Fresh from their slaughter of innocent patriots aspiring to freedom in the Baltic States, and not long after they presided over the killing of 1.2 million Afghanis and the torture of untold thousands more during their nine-year aggressive war against that country, the Soviets of Mikhail Gorbachev picked last week to announce a "peace plan".
Recall that Gorbachev was TIME magazine's Man of the Decade for the '80s. He is the Nobel "Peace Prize" laureate who now presides nominally, at least over the re-Stalinization of the Soviet ruling elite. Some keen Soviet observers are saying that a hard-line Stalinist coup has already occurred in the Kremlin. This scenario suggests the hardliners have concluded that Gorbachev's continuance as a figurehead leader suits their dictatorial purposes. Meanwhile, the USSR faces complete economic collapse (the CIA says their economy is in a depression with no end in sight), and the very real specter of massive unrest spiraling downward into civil war.
Incidentally, a year and more ago, Defense Secretary Dick Cheney and Vice President Dan Quayle took plenty of heat for forecasting very grim things ahead for Mikhail Gorbachev and predicting that either a) he would not survive in power, or b) in order to survive, he would have to kowtow to hard line militarists in his country. Quayle's and Cheney's grim forecasts are being borne out by events. What say their media and congressional critics?
Mr. Gorbachev's cunning "peace" gambit was unmasked by New York Times' William Safire, one of the most interesting and widely read columnists writing today. Bill Safire offers this brutal analysis of Gorbachev's attempt to broker "peace" in a conflict where the Soviets have at stake neither blood nor treasure, but only a longtime client Hussein's fading Iraqi regime:
"The purpose of Moscow's meddling in the air war on Iraq is to save Saddam Hussein's skin and prevent an allied victory ...
"Here is the reason behind that harsh conclusion: The Soviet imperial interest (roughly in parallel with the interests of Palestine Liberation Organization survivalists, Iranian scavengers and a Jordanian king who covets the Saudi throne) is to sustain the Iraqi dictator in power in Baghdad.
"His oil-rich country would soon again become Moscow's best hard-currency arms customer, and his survival would create a long-term radical threat to Western influence in the region. But Moscow's dream is the free world's nightmare.
"... the Soviet Union has no standing in blood, treasure or morality to mediate this war.
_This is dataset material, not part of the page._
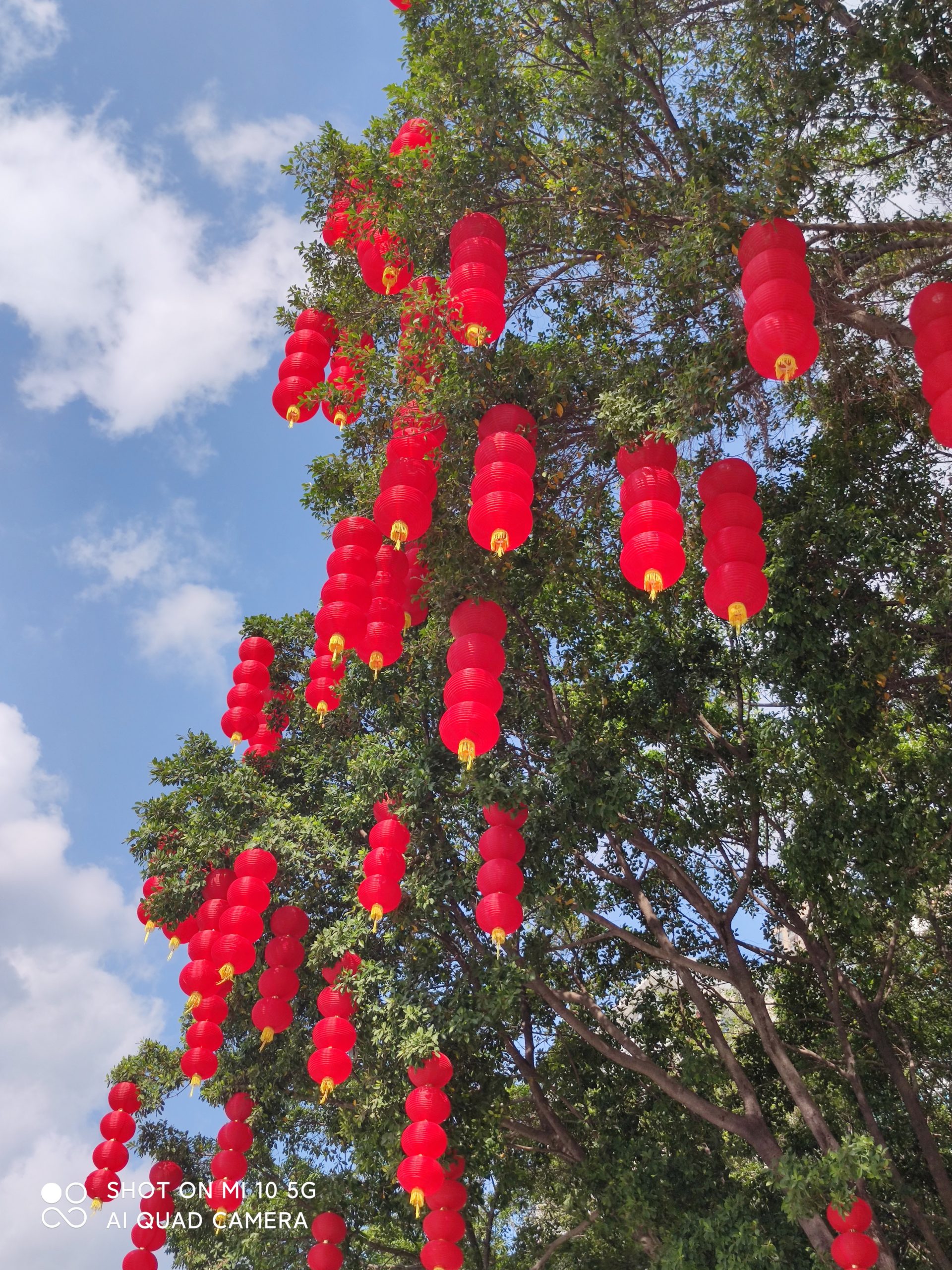 Chinese lanterns in the tree near the train station.

We do not need any middlemen at all; our requirement to the Saddam clique has been edited by war from `leave Kuwait' to `leave, period.'"
Happily, President Bush largely ignored Gorbachev, and held the trigger down on the Iraqis at a crucial moment in history. The positive consequences for America and for the West will be major and longlasting. And Gorbachev well, he's looking increasingly irrelevant to the world events passing him by. Still, the wounded and declining Soviet bear should be watched, as a hurting but heavily armed brute can still be very dangerous.